The above consideration is supported by the lateral conductive measurement along the NW. In this measurement, one side of the NWs is enwrapped by the Ag electrode, as shown in Fig. 1a, which can greatly increase the contact area between the NW and the electrode and decrease the contact resistance at this side correspondingly. Though the contact area between the tip and NW is still small, the total resistance with single small-area contact (tip-NW) should be much smaller than that in the perpendicular measurement with double small-area contacts. The topography and current images measured by CAFM at −5 V are shown in Fig. 6a, b, respectively. Now current, even still poor, can be measured at the edge of the NW, where the contact area is a little larger than other locations. In the current image obtained in the retract loop, the current at the other edge of the NW is measured. As the Ag electrode is located above the measured area, a slight decrease of current is detected along the NW from top to bottom. The I-V curve measured on the NW is plotted in Fig. 6c, which exhibits a typical metal-semiconductor contact characteristic. It again indicates that the Si NW is mainly formed by Si and the oxide layer is thin enough for electron or hole tunneling.

Fig. 6
figure 6

a Topography and b current image of single Si NWs deposited on the SiO2-covered Si substrate measured by CAFM at a sample bias of −5 V with the method as shown in Fig. 1a. c The typical I-V curve obtained on the Si NW

By comparing the conductance measurements perpendicular to and along the NW, it can be suggested that the poor measured conductance is mainly attributed to the electrical contact(s), since the current is largely increased when decreasing the number of small-area contacts from double to single. The results further suggest that the contact between the NW and the substrate should be the dominating factor, and current can be measured by improving this contact. On the other hand, the Si NWs exhibit typical semiconductive conductance themselves. So from all the above results, it can be demonstrated that straight, conductive, and crystalline Si NWs are fabricated by using forming gas with increased hydrogen ratio, which should have potential applications in nanoelectronics. Our results also suggest, after solving the contact problems, CAFM should be an effective approach to measure the conductive properties on single Si NW along the two directions without the need of nanoelectrode fabrications.

Conclusions

By increasing the hydrogen ratio in the forming gas, straight and crystal Si NWs with a very thin oxide shell are fabricated.
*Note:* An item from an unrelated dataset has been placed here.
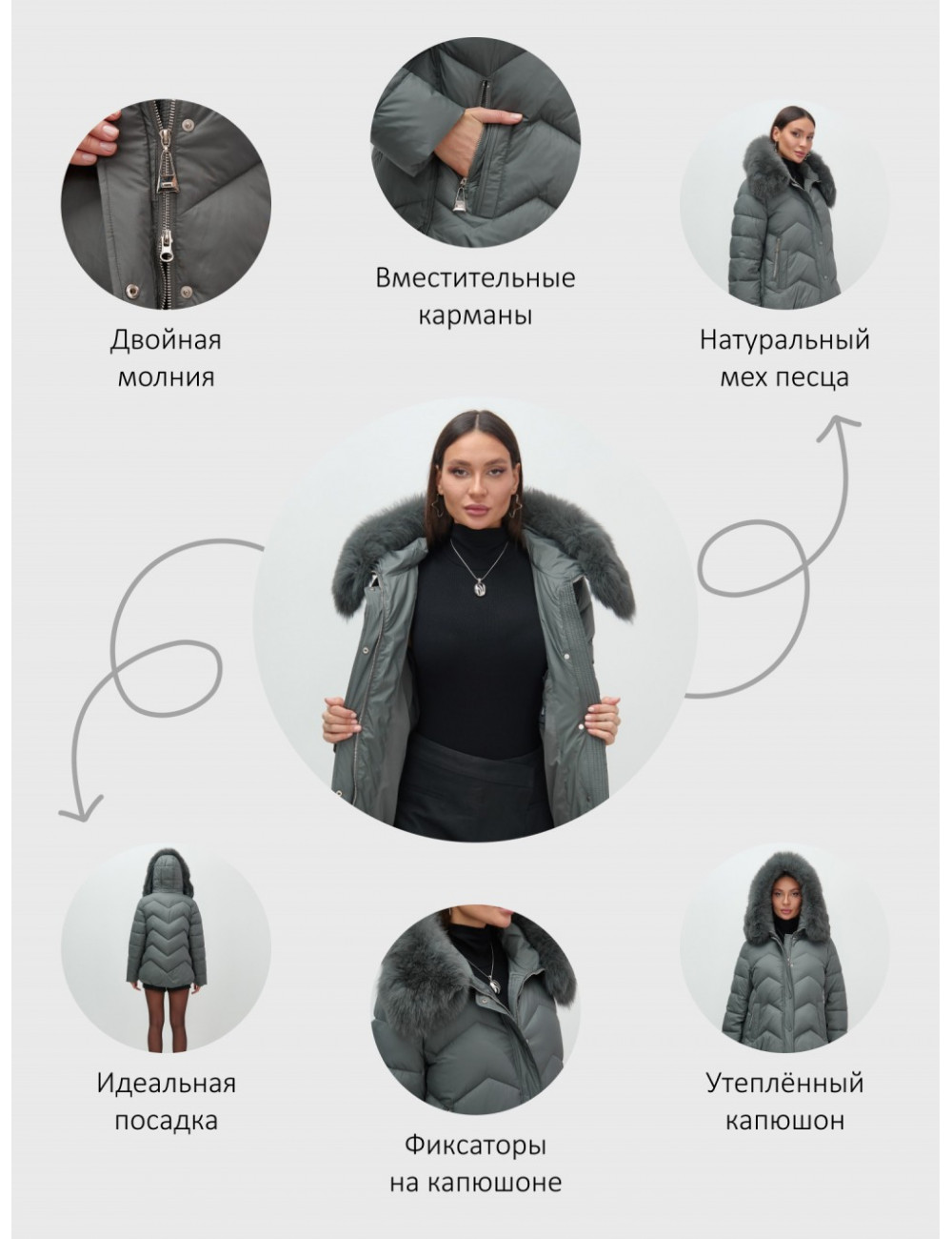 | Декоративные элементы | Капюшон, Декоративные пуговицы, Манжеты, Мех |

Both the conductive properties along and perpendicular to the NW are investigated by CAFM. Due to the poor electrical contact between the NW and the substrate as well as that between the NW and the tip, together with the native oxide layer, the conductive measurement should be further improved. Nevertheless, our results still present that the Si NWs exhibit typical semiconductive conductance, which may have potential applications in nanoelectronics.